By clicking “Sign up for GitHub”, you agree to our terms of service and privacy statement. We’ll occasionally send you account related emails.

Already on GitHub? Sign in to your account

Assertion `GRvar_genotypes[vr][tidx].prob >= 0.0f' failed, when phasing rare alleles #20

Open
TanguyLallemand opened this issue Apr 4, 2023 · 10 comments

Comments

@TanguyLallemand
Copy link

Hello, @odelaneau ,

Thanks for the great work with shapeit5!!

I'm looking into implementing it in a nextflow pipeline (from modules made by @LouisLeNezet, thanks also to him!).
I have a problem when phasing rare variants with shapeit5 either 5.0 or 5.1.
Indeed the HMM computations are not done. Do you have any idea why this might be?

``
[SHAPEIT5] Phase_rare (phase rare variants onto a haplotype scaffold)

Files:

  • Unphased data : [split.chr18.vcf.gz]
  • Scaffold data : [chr18.ref.common.phased.vcf.gz]
  • Output data : [chr18_11000001_12000000.vcf.gz]

Parameters:

  • Seed : 15052011
  • Threads : 8 threads
  • PBWT : [depth = 2,2 / modulo = 0.1 / mac = 2 / mdr = 0.3]
  • HMM : [Ne = 15000 / Constant recombination rate of 1cM per Mb]
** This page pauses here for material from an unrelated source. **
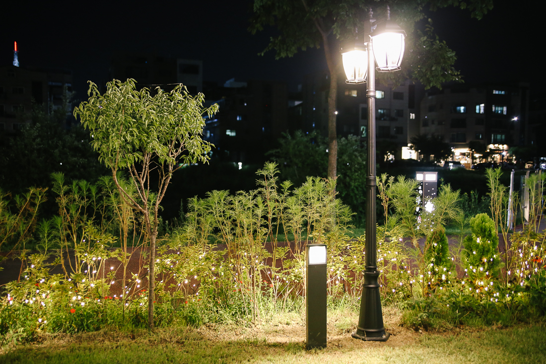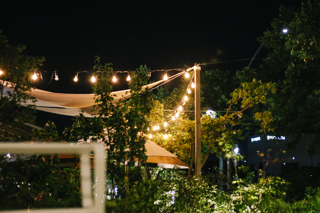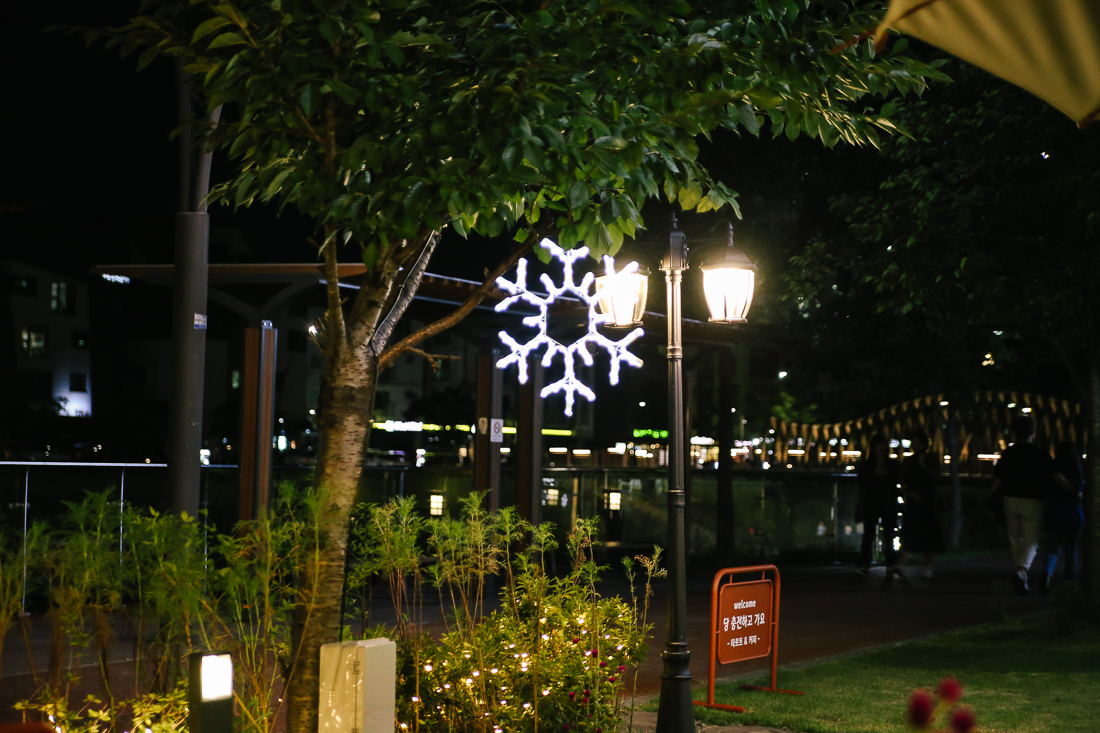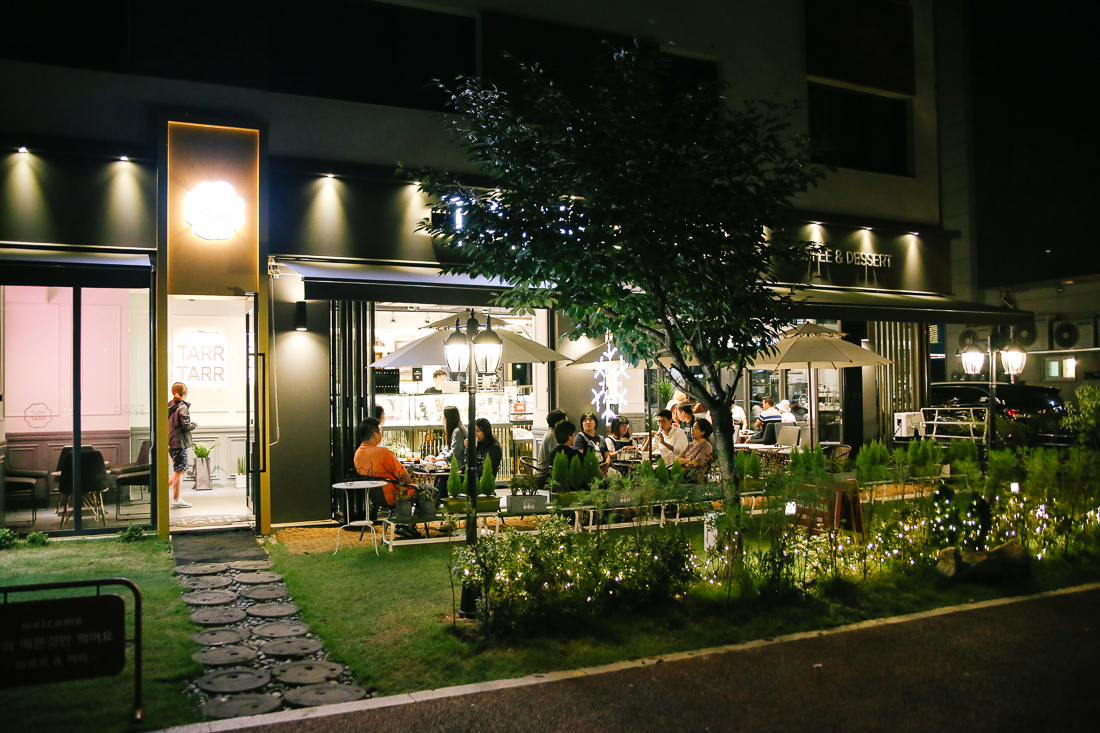 산책로에서 바라본 별내 TARR TARR 카페 전경. 연휴 날 저녁임에도 많은 카페들이 영업을 하였고, 덕분에 각 카페의 조명 때문에 더욱더 분위기 있게 산책로를 다닐 수 있었다.

Parsing specified genomic regions

  • Scaffold region [chr18:10500001-12500000]
  • Input region [chr18:11000001-12000000]

Reading genotype data

  • BCF scanning ...
    [W::hts_idx_load3] The index file is older than the data file: split.chr18.vcf.gz.tbi
    [W::hts_idx_load3] The index file is older than the data file: chr18.ref.common.phased.vcf.gz.tbi
  • BCF scanning (35.15s)
    • Variant sites: [#scaffold=37997 | #rare=13362 | #all=51359]
    • 21696 rare variants in buffer regions excluded
    • 13362 variants found in both files [priority to scaffold]
    • 5265 multi-allelic variants excluded
  • HAP allocation [#scaffold=13362 / #samples=1842] (0.00s)
  • Genotype set allocation [#rare=37997 / #samples=1842] (0.00s)
  • BCF parsing ...
  • BCF parsing [100%]
  • Plain VCF/BCF parsing (36.04s)
    • Scaffold : [0/0=23191904 0/1=821979 1/1=598921]
    • Rare : [0/0=65436271 0/1=1925356 1/1=1326764 ./.=1302083]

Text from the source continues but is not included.